SOURCE DATA
::::::::
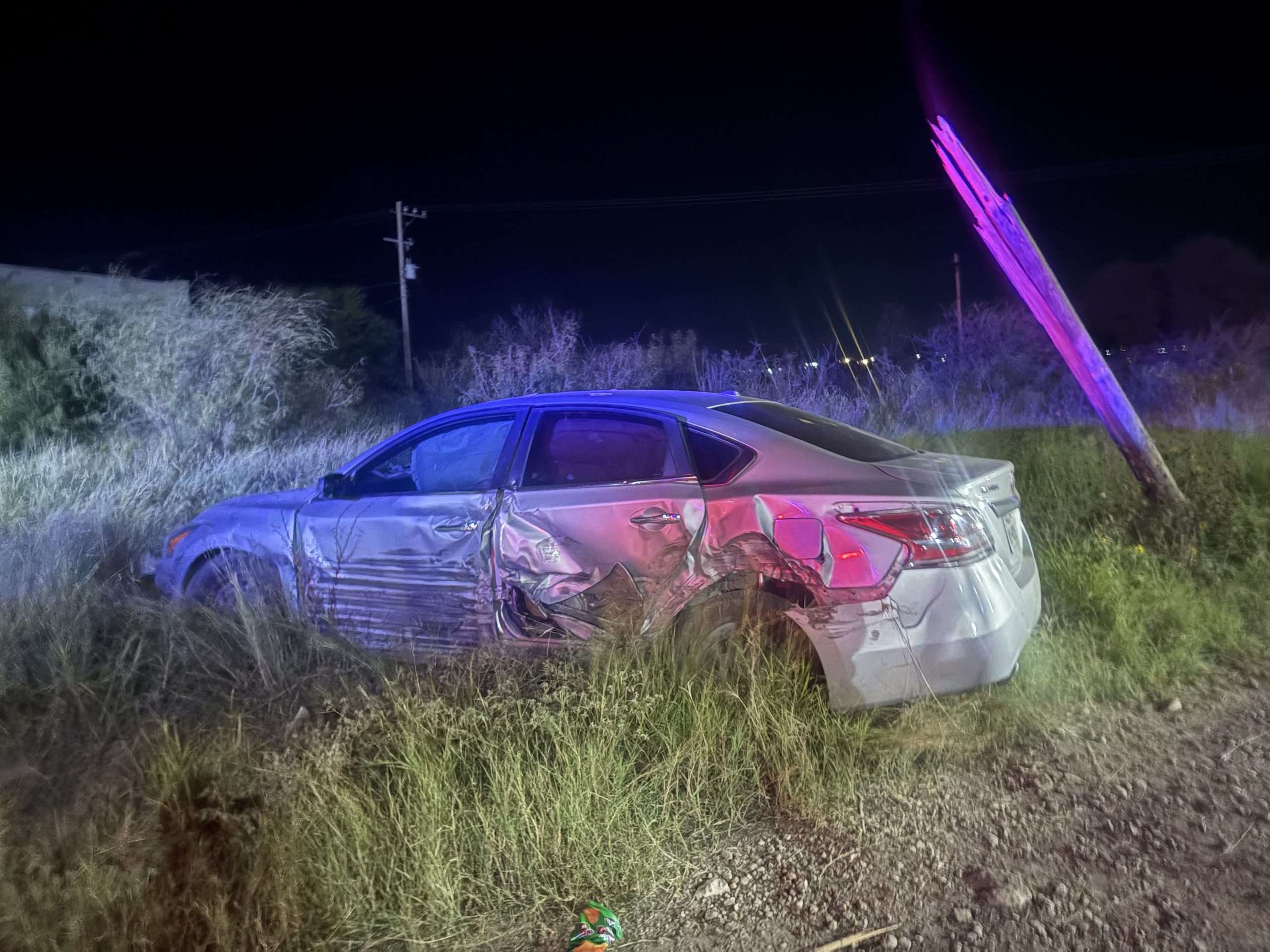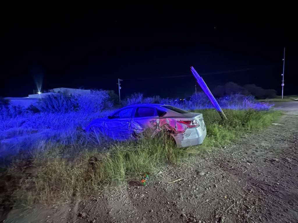 Un aparatoso accidente se registró durante la madrugada del domingo sobre el libramiento Cuauhtémoc en Sabinas, donde un vehículo terminó completamente destrozado tras impactarse contra un poste de luz.
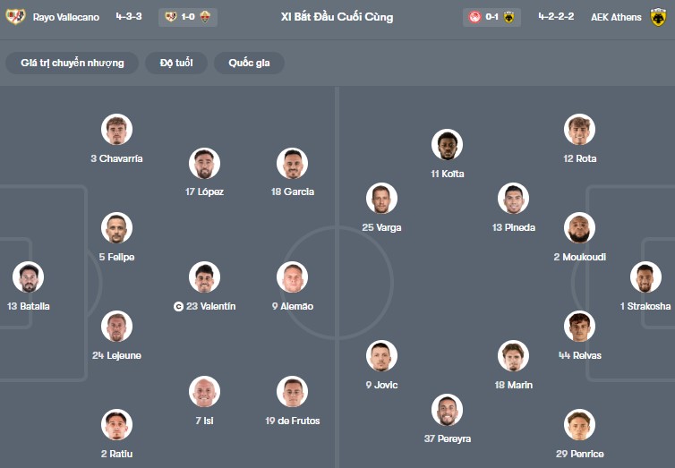 Ở phía đối diện, AEK Athens cũng cho thấy sự lì lợm đáng nể. Thầy trò HLV Marko Nikolić thắng 3, hòa 1 và chỉ thua 1 ở 5 trận gần nhất. Đáng chú ý, phong độ sân khách của AEK khá ổn khi bất bại 5 chuyến xa nhà gần đây, trong đó có chiến thắng quan trọng 1-0 trước Olympiakos. Điều này cho thấy họ hoàn toàn đủ sức tạo ra thế trận khó chịu trước Vallecano.
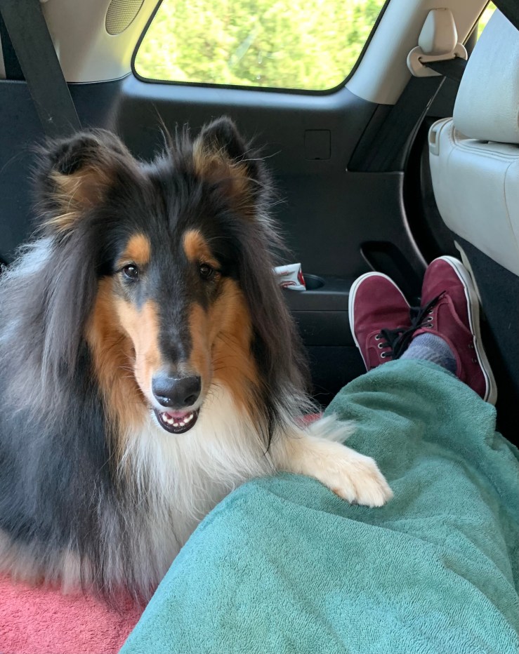 So, it was natural and fun for me and Ollie to do everything together.  Unlike many dogs who get anxious in the car associating it with going to the vet, Ollie was in the car almost every day of his life.  We went on daily adventures. We participated in canine activities like fitness, agility, nose work, obedience, herding and Canine Good Citizen. His good behaviour was well grounded in his Collie temperament and fine-tuned in his training. More than anything, Ollie was over-the-moon scoping out a forest trail.
::::::::
WORK REQUIRED
Emit the lines of the material exactly, from its first line to the line containing "Ở phía đối diện, AEK", inclusive; leave every picture out.

EXERCISE RESPONSE
 Un aparatoso accidente se registró durante la madrugada del domingo sobre el libramiento Cuauhtémoc en Sabinas, donde un vehículo terminó completamente destrozado tras impactarse contra un poste de luz.
 Ở phía đối diện, AEK Athens cũng cho thấy sự lì lợm đáng nể. Thầy trò HLV Marko Nikolić thắng 3, hòa 1 và chỉ thua 1 ở 5 trận gần nhất. Đáng chú ý, phong độ sân khách của AEK khá ổn khi bất bại 5 chuyến xa nhà gần đây, trong đó có chiến thắng quan trọng 1-0 trước Olympiakos. Điều này cho thấy họ hoàn toàn đủ sức tạo ra thế trận khó chịu trước Vallecano.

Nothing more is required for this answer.